2Os arquitectos, em particular, enredados que estão no equilíbrio ante a inviável justificação da “neutralidade técnica” e o aproveitamento de todas as fugas possíveis em direcção à subjectividade “artística”, têm tentado encontrar, num quadro de redescoberta da dimensão social da encomenda, as saídas para os habituais e endémicos impasses que a relação da disciplina com o poder lhes proporciona. Saídas eticamente redentoras, que, por vezes, servem também para exorcizar quotidianos de mecânicas e acríticas respostas ao investimento imobiliário, mas que, diga-se em abono da verdade, advêm de uma proximidade crescente com a realidade social.

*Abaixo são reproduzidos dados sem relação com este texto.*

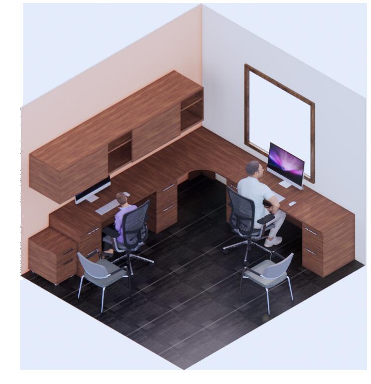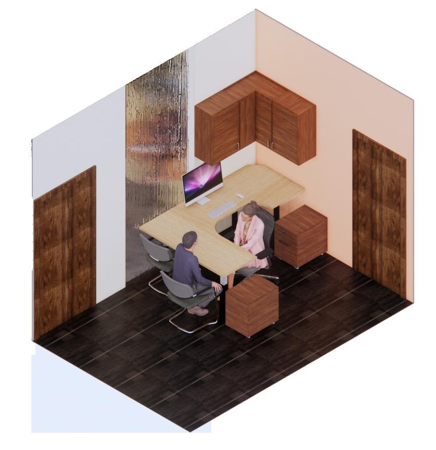 The Reception is located adjacent to the elevator entry to greet and assist users. Additionally, the placement of the reception desk allows for optimum sight lines to most occupiable areas.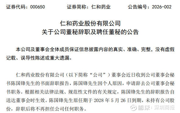 2月9日,仁和药业(000650)发布公告,公司董事会近日收到公司董事会秘书陈国锋的书面辞职报告,陈国锋因个人原因,申请辞去公司董事会秘书职务。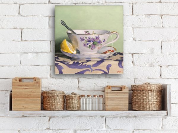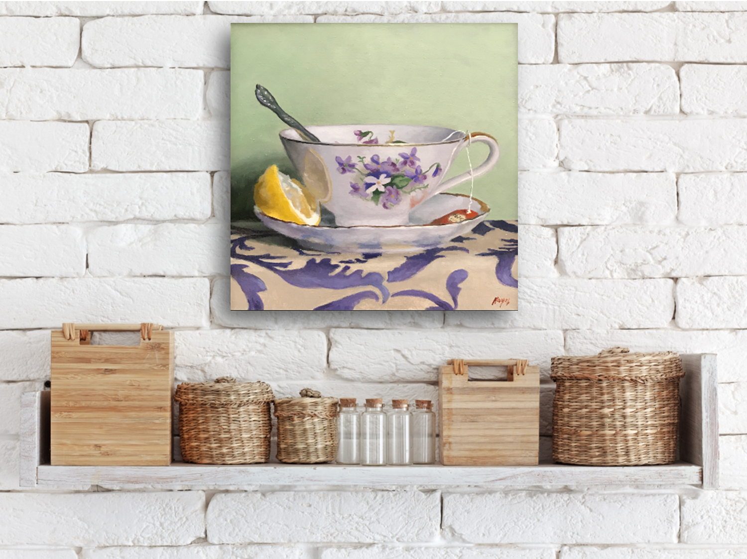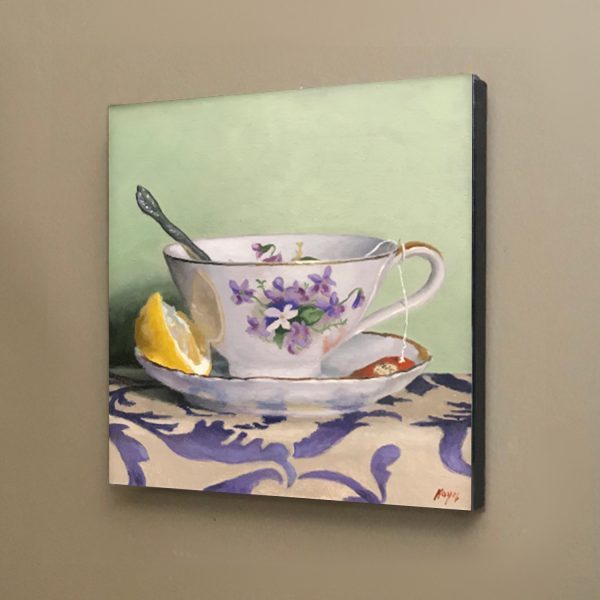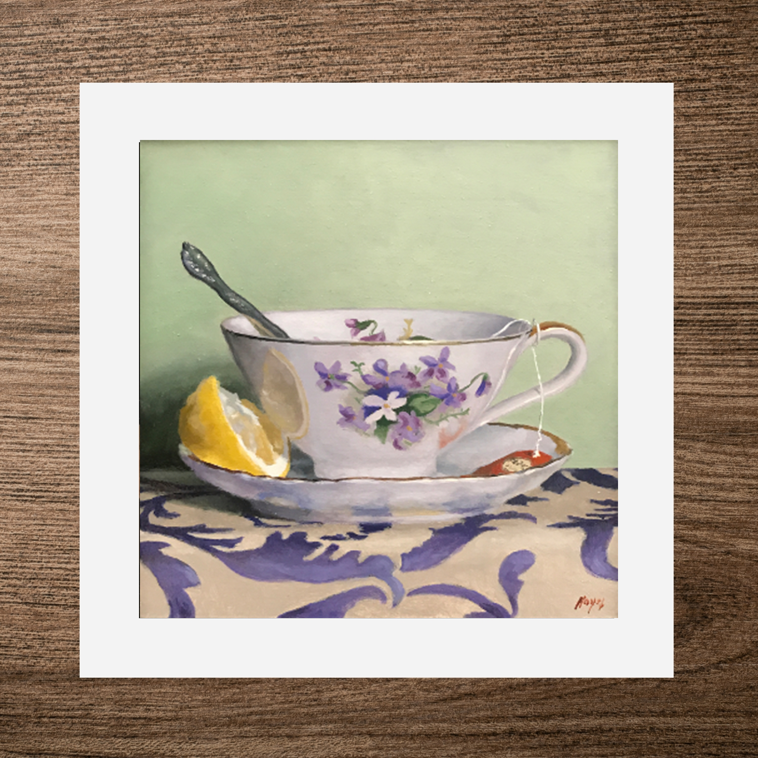 “Teacup with Red Napkin and Purple Saucer” Fine Art Print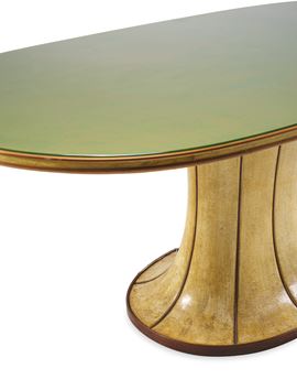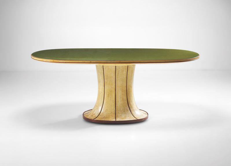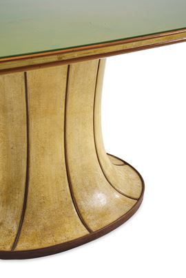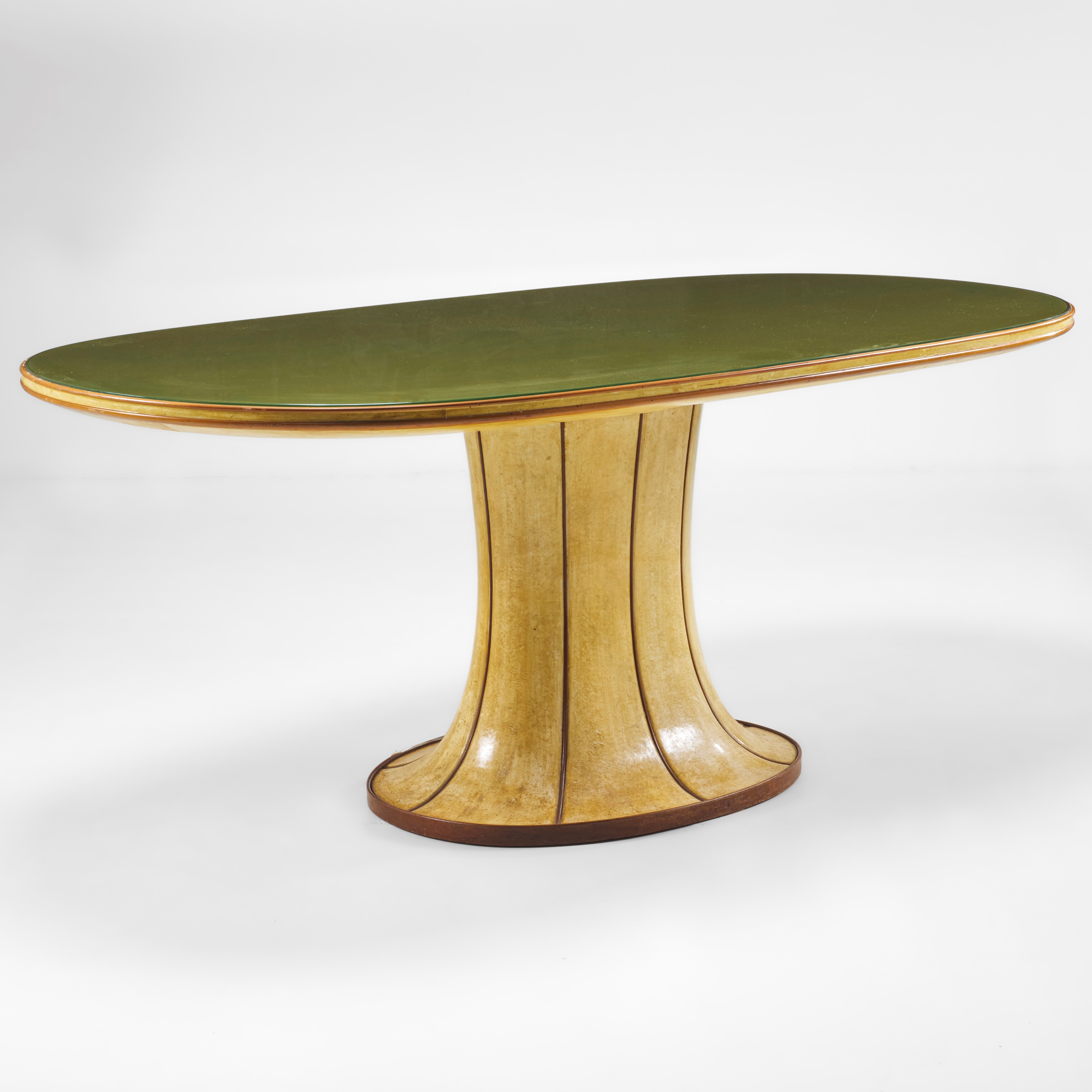 Struttura in legno con rivestimenti in pergamena. Piano in legno e vetro colorato. Dettagli in ottone.

3Este volume da Revista Crítica de Ciências Sociais contém um conjunto de reflexões acerca de práticas recentes e procura, em simultâneo, enquadrá-las na experiência histórica. Esse enquadramento, embora centrado na circunstância portuguesa, em particular nos anos que antecederam o fim da ditadura, inscreve-se, na realidade, num arco de preocupações que a arquitectura, enquanto disciplina, foi cultivando ao longo de todo o século XX.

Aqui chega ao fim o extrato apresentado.